A los pies del imponente roquedal, el río Couernon amenazaba a campesinos y comerciantes con crecidas históricas, tan inoportunas como letales, que hacían baldíos los esfuerzos de la siega y diezmaban pueblos enteros. También el ganado caía muerto, indefenso ante las aguas y no eran pocas las aves, que aunque escapaban de las torrenteras, morían desfallecidas entre el cieno pútrido de las marismas. En los días de funeral y responso , entre la espesura del fango y los restos acumulados de las bestias, media docena de turiferarios abrían la comitiva de dolientes aliviando el hedor con humaradas densas de palosanto.
Otras vísperas, en cambio, cuando el pueblo santificaba las fiestas de guardar, era el bullicio tardío de los comensales, los excesos del vino corriente, el ajetreo de los bailes mal acompasados, las cucañas entre los mozos y el estrépito de la pólvora bien entrada la noche lo que daba paso, bajo palio, a las aspersiones de hisopo al compás solemne del sagrario ,que ya marchaba en andas desde las claras del día.

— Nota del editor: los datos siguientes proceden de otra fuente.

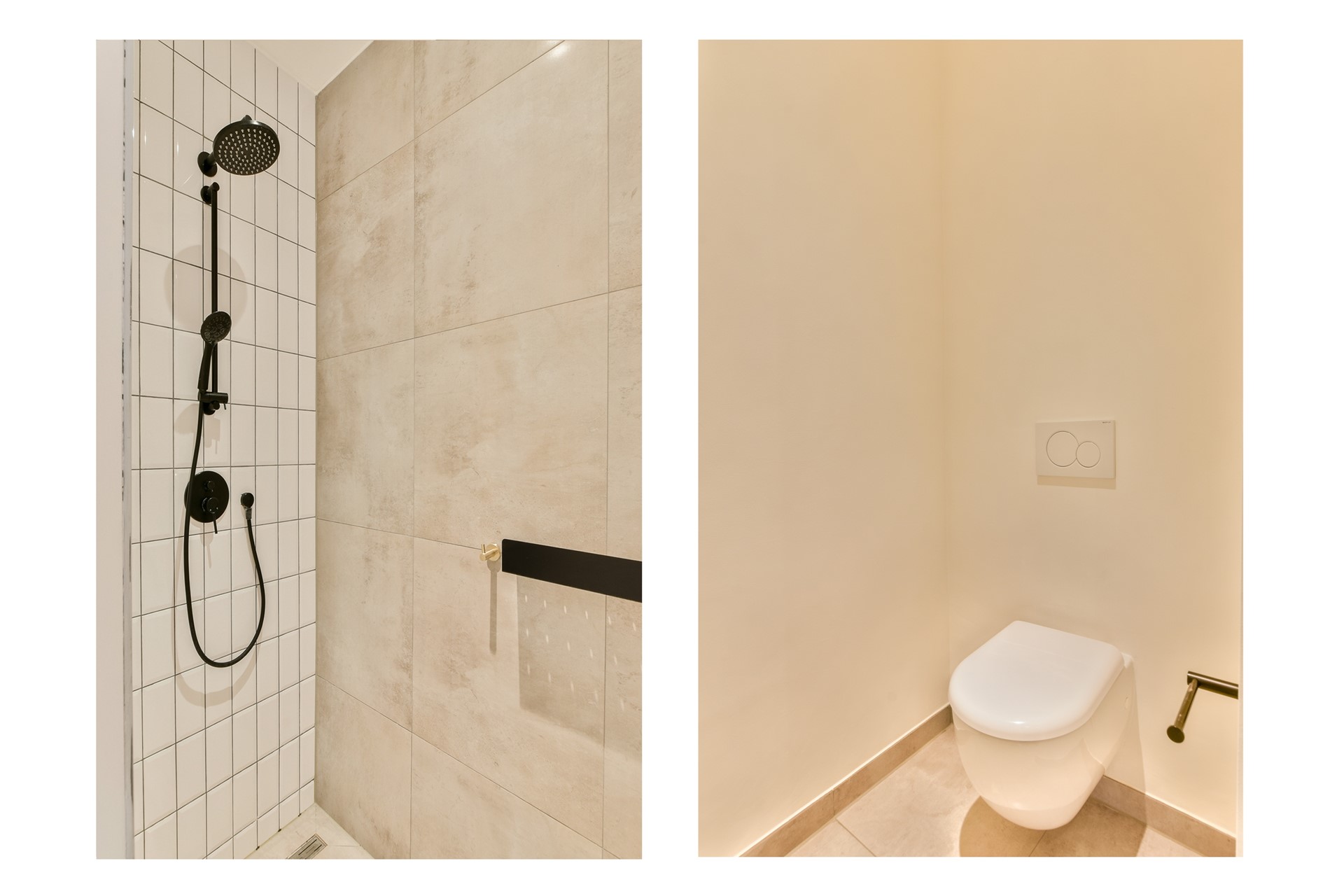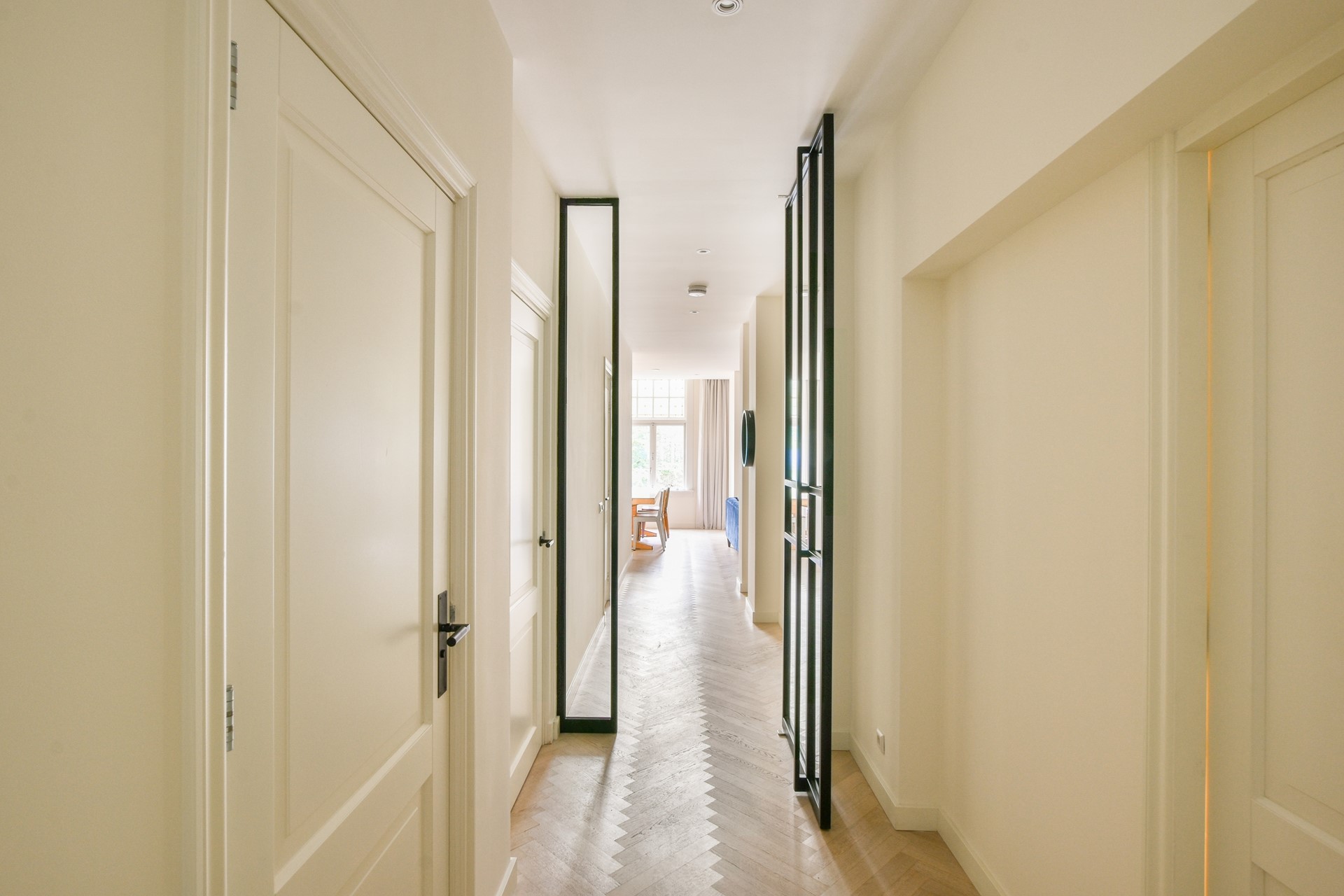 Access to the apartment is via the stairwell, leading to the first floor. The hallway provides access to all rooms. At the front, you will find the living room with impressively high ceilings of 3.20 meters, a fireplace, and authentic stained-glass windows. Doors from the living room open onto the south-facing balcony. The open kitchen features a stylish natural stone countertop and high-quality built-in appliances, such as a steam oven and an induction cooktop with integrated ventilation. Additionally, there is an oven, a steam oven, a dishwasher, and a Quooker.
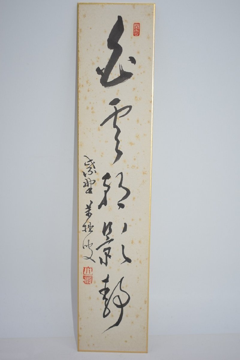 短冊 大徳寺 興臨院 山口 大痴(萬拙) 「白雲朝影静」 03-8610 茶道 約(36.3×6.2)cm 折れ、汚れ、当り、シミはありますが、本体はしっかりしています、お稽古にお使いになるには差し支えありません。
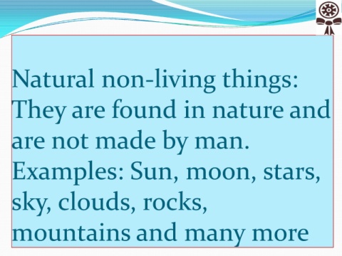 Natural non-living things: They are found in nature and are not made by man. Examples: Sun, moon, stars, sky, clouds, rocks, mountains and many more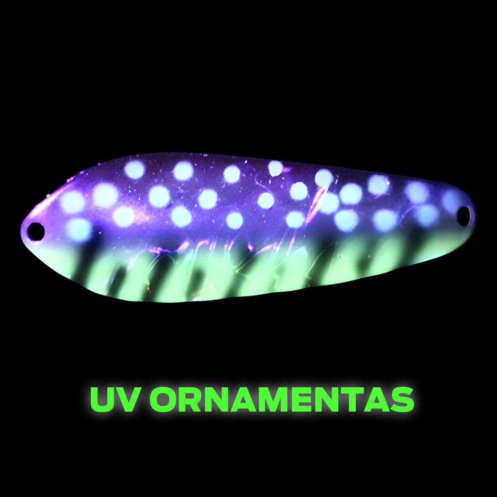 Blizgė Iron Wolf Pulsar - agresyvus žaismas vandenyje, provokuojantis spalvinimas su UV ornamentui, pateikia blizgę puikiai tinkančia lašišų, šlakių bei lydekų žvejybai.

Aunque nadie entre las criaturas carnales podría vivir para contarlo, en épocas muy lejanas los legajos ya describían en cuidadísimos códigos cómo se fueron remozando las naves, la capellanía, el refectorio y el claustro. Cómo la abadía supo conjugar, tras algunas demoliciones y en cuestión de escasos siglos, una transición desde su cripta románica al novedoso arte de ojivas, arcadas y vitrales de la Merveille, lugar donde los invitados, que dejaban su condición de postulantes, así como los obedientes novicios , consagraban su vida bajo la liturgia de las horas.
Hasta donde no llegaba el recuerdo, estos escribas se tornaban notarios imprescindibles de su verdad, a medio camino entre un pasado inmemorial que mezclaba, como entre ensoñaciones y delirios, riadas y mareas descomunales o la peregrinación ritual de los Valois al mítico Auberto, a quien ordenó consagrar la abadía bajo sus alas.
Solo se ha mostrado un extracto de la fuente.